My sister Kathie discovered our first real paper documentation about my Dad’s family probably circa 1993 or so.  It may seem like a “minor” issue to find birth and marriage certificates, but in a largely pre-internet era, it was really quite a feat and gave us at least minimal hope we might be able to find some answers.  While Kathie shared some of the information with my mother, everyone felt it was best not to upset my Dad by telling him what we had found.

My father sadly passed away in 1994, just shortly after I had gotten married.  His sole surviving brother Pat came out to Salt Lake City for his service, and Pat and I and a few other people sat out in our backyard in Mt.
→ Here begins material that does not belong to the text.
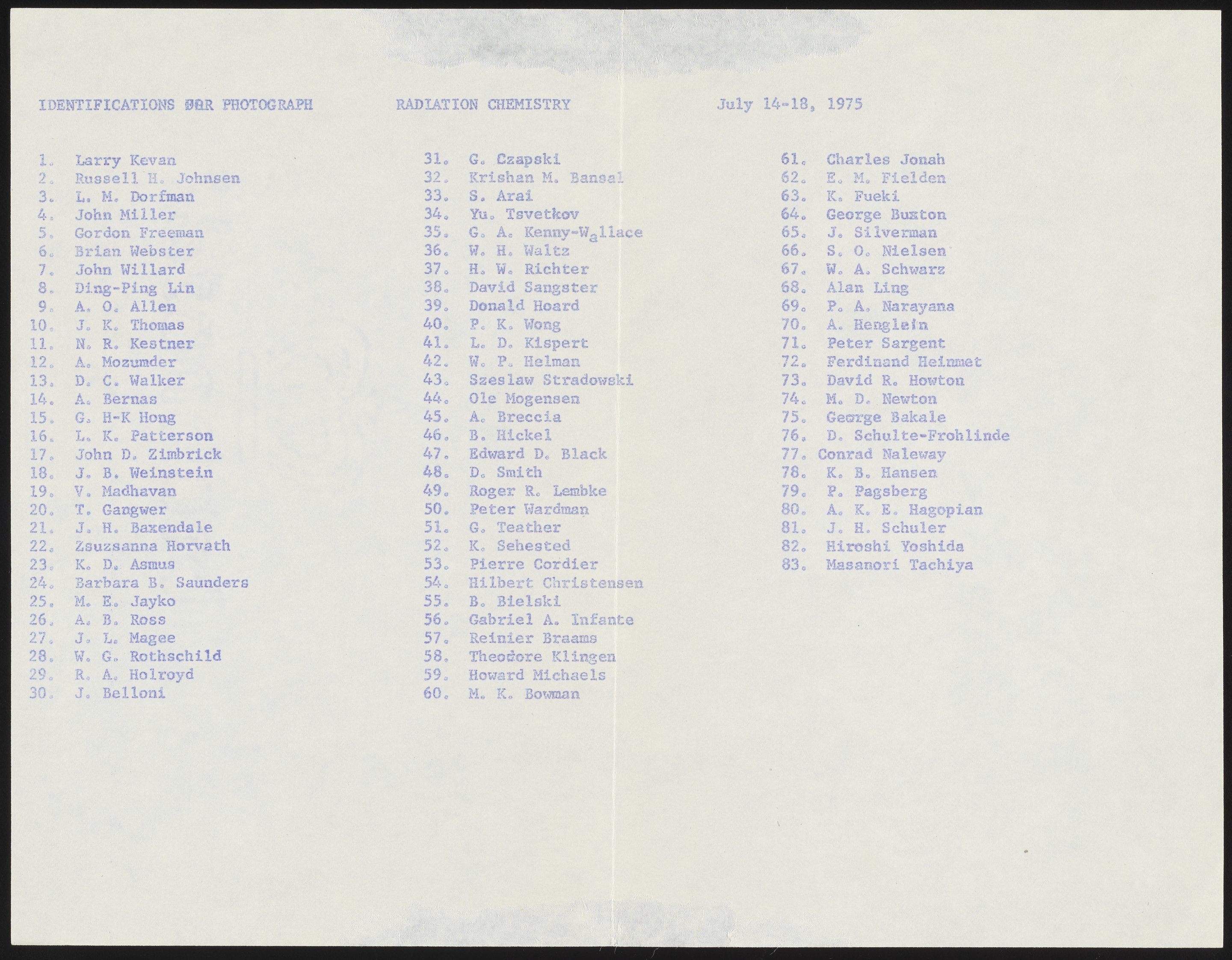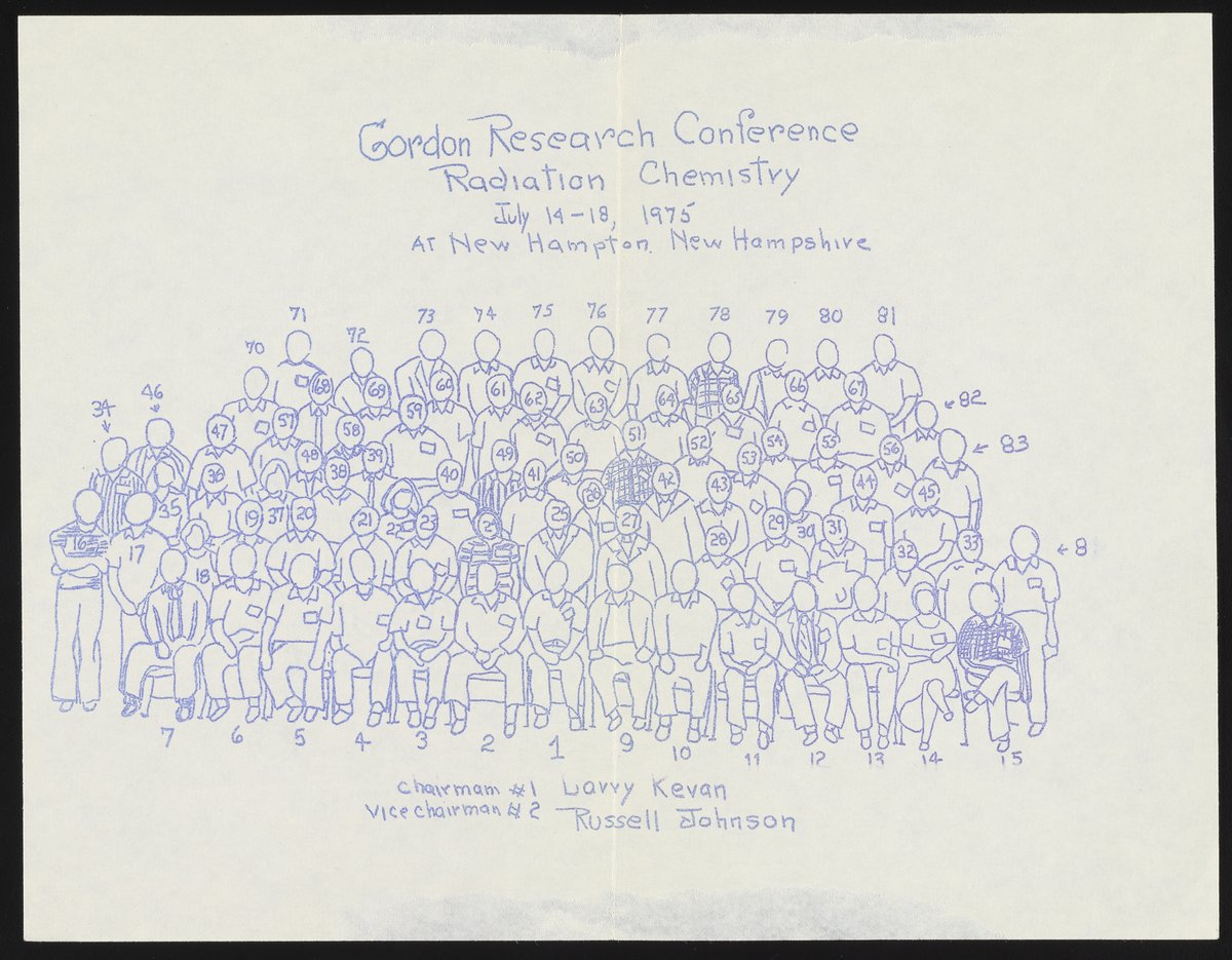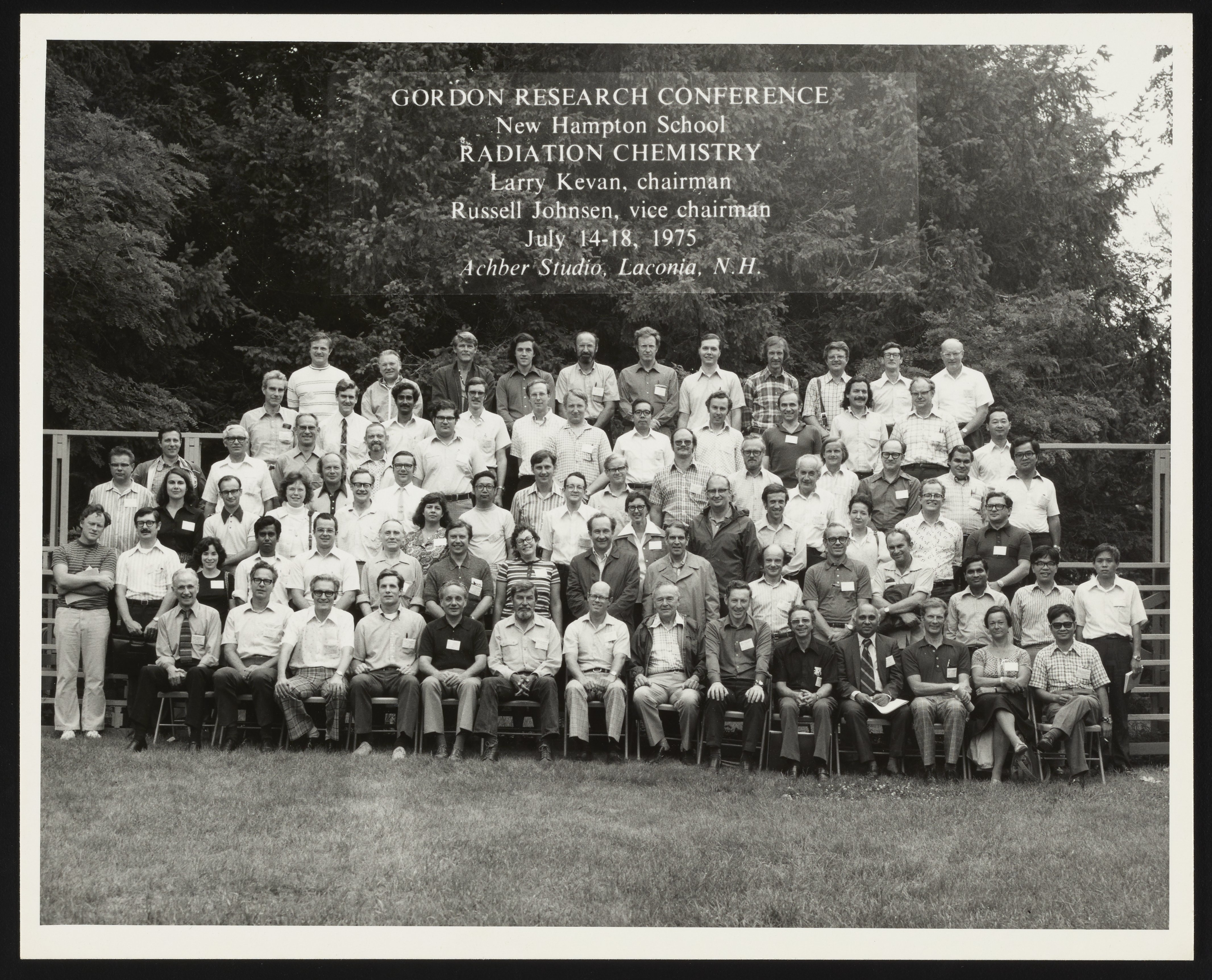 Small JPG1200 x 970px — 297 KBLarge JPG2880 x 2329px — 1.2 MBFull-sized JPG4265 x 3449px — 2.2 MBOriginal fileTIFF — 4265 x 3449px — 42.1 MBGroup photograph of attendees at the Gordon Research Conference on Radiation Chemistry held in New Hampton, New Hampshire in July 1975. Included with the photograph are a hand-drawn key and name list identifying the individuals depicted in the photo.

Olympus Cove chatting when Pat suddenly shared a little factoid that he had never mentioned before.  Out of nowhere he disclosed that he and my Dad, along with Charlie and Kay, had been placed in a foster care agency called the Hebrew Sheltering Guardian Society.  It was a name that stuck with me and which years later finally provided some significant dividends.  Kind of incredibly, Pat himself died just a couple of weeks later, thereby shutting down any further avenues of “living” research (I had in fact been importuning Pat to get family history documented before it was too late–and then, of course, it was too late).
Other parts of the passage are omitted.